Education: Bachelor’s/Master’s in Computer Science, Data Science, Engineering, or equivalent experience.
Experience:
3–5 years delivering AI/ML, Data Science solutions in production.
2-3 years focused on Generative AI/LLM applications.
Technical Skills:
Programming: Strong Python (typing, packaging, testing), data stacks (NumPy, Pandas, scikit-learn), API development (FastAPI/Flask).
GenAI Expertise:
Prompt engineering, RAG design (indexing, chunking, reranking).
Embeddings and vector databases (FAISS, Azure AI Search, Pinecone).
Agentic frameworks (LangGraph, Semantic Kernel, MAF) and orchestration strategies.
Model selection/fine-tuning, cost-performance optimization, Guardrails
Cloud & Data: Hands-on with Azure/AWS; experience with Azure OpenAI, Azure AI Search, Microsoft Fabric/Databricks , Snowflake or similar DWH.
MLOps/DevOps: Docker, Containerization, Queuing, Load Balancing, handling Concurrency, Kubernetes, CI/CD (GitHub /Gitlab), Deployment/Monitoring.
Architecture: Understanding of Microservices, event-driven design, API security, scalability, and resilience.
Soft Skills:
Excellent team player with the ability to work collaboratively in cross-functional and multicultural teams.
Strong communication skills able to explain complex technical ideas to non-technical stakeholders.

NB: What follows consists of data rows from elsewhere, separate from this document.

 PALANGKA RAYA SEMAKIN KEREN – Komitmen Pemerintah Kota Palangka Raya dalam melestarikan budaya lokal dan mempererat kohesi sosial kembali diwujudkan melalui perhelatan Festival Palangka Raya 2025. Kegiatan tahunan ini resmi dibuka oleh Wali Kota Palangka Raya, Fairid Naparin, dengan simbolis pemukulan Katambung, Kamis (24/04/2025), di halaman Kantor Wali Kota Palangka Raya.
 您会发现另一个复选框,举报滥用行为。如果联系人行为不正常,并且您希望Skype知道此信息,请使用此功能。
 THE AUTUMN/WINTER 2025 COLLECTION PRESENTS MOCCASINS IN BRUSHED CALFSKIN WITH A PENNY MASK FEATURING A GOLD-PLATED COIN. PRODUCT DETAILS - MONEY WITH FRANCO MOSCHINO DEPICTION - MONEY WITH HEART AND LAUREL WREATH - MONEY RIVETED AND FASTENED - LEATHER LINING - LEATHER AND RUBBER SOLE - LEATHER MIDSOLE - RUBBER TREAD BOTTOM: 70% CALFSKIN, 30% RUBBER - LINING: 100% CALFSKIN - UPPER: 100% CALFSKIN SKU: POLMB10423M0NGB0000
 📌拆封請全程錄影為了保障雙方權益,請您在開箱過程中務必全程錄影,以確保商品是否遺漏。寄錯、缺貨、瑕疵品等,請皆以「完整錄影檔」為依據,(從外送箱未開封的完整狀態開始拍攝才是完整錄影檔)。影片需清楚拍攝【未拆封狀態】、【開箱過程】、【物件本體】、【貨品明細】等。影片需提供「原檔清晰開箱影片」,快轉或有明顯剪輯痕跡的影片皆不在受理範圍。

Adaptability to changing priorities and evolving technologies.
Problem-solving mindset with creativity, curiosity, and a proactive approach.

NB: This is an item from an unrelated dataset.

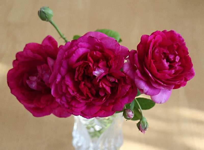 イングリッシュローズのザダークレディが高い所で咲いていたので切りました。大輪で花もちも良く美麗花です。小輪はジャスミーナイングリッシュローズのグラハムトーマスデルバールのビアンブニュなど・・・
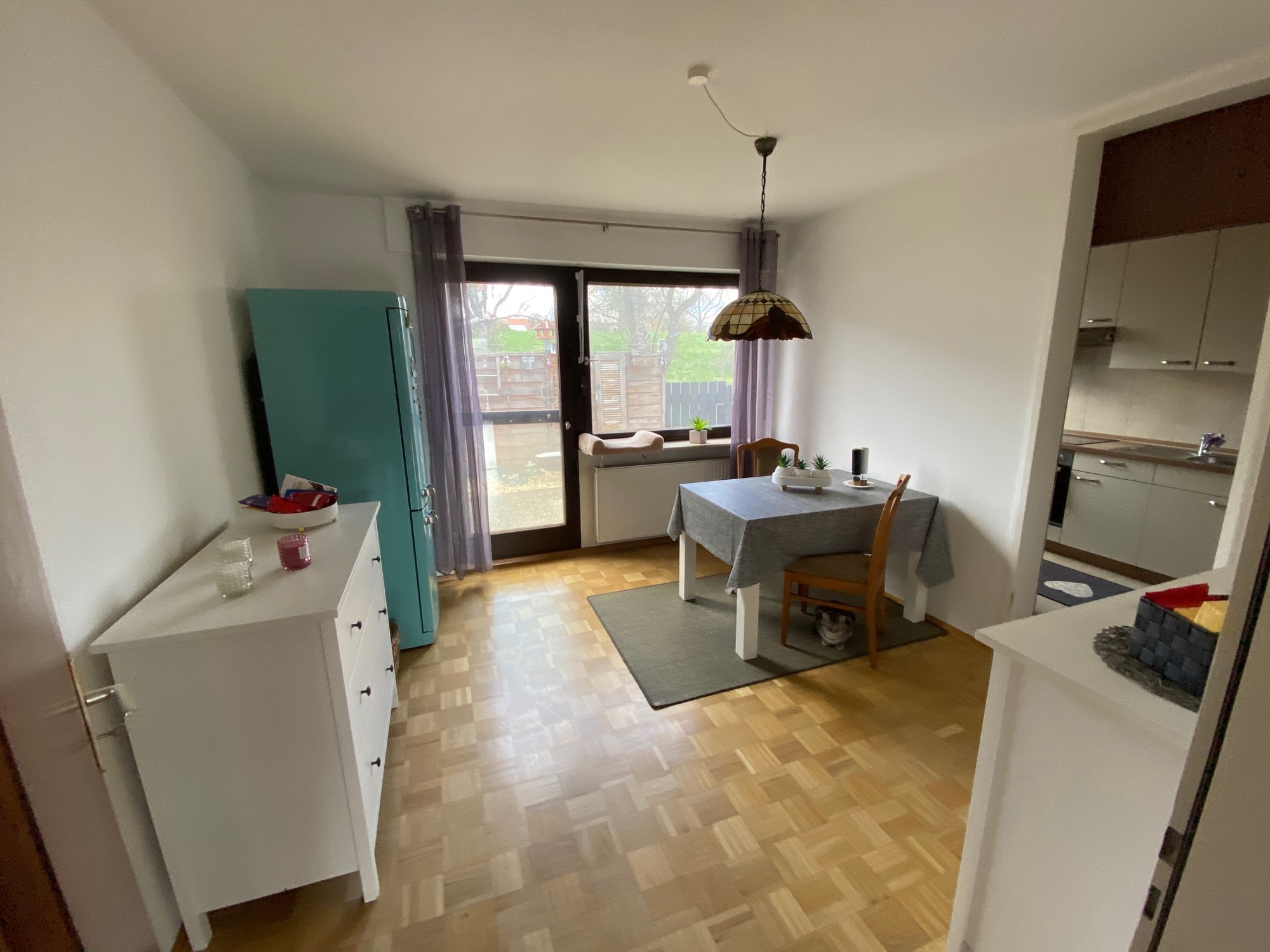 Erdgeschoss (EG): •ca. 123 m² Wfl. Wohnfläche nach DIN •4,5 Zimmer, davon 2-3 Schlafräume •Wohnzimmer mit Zugang zum Balkon •Schlafzimmer, 2 Kinderzimmer •Küche mit Elektrogeräten, Essbereich •Badezimmer mit Tageslicht, Badewanne, Dusche, •WC separat •Abstellraum •Böden Parkett, Laminat, Fliesen im Bad/WC und Küche

Strong sense of ownership and accountability over deliverables.
Domain Knowledge: Experience applying AI/ML to power systems, electrical grids, or related domains.
Preferred Qualifications

Experience with Azure OpenAI, Microsoft Fabric/Prompt Flow, Copilot Studio connectors, or enterprise integrations (SharePoint/Teams).
Expertise in ML/DL techniques: time-series forecasting, anomaly detection, NLP document AI (OCR, classification, extraction).
Familiarity with security (OAuth2, RBAC), observability (OpenTelemetry), and cost governance (token budgeting).
Tech Stack

Languages/Frameworks: Python, FastAPI/Flask, LangGraph/Semantic Kernel/CrewAI/AutoGen, scikit-learn, PyTorch/TensorFlow.
LLM & Retrieval: Azure OpenAI/Open weights, embeddings, vector DBs (FAISS/Milvus/Pinecone), reranking.
Data & Cloud: Snowflake, Azure/AWS (storage, compute, messaging), SQL.
MLOps: Docker, Kubernetes, Azure Functions, Azure Container Apps, Azure Service Bus, Azure API Management, Gitlab
Collaboration: Git, Jira/Azure DevOps, Agile/Scrum.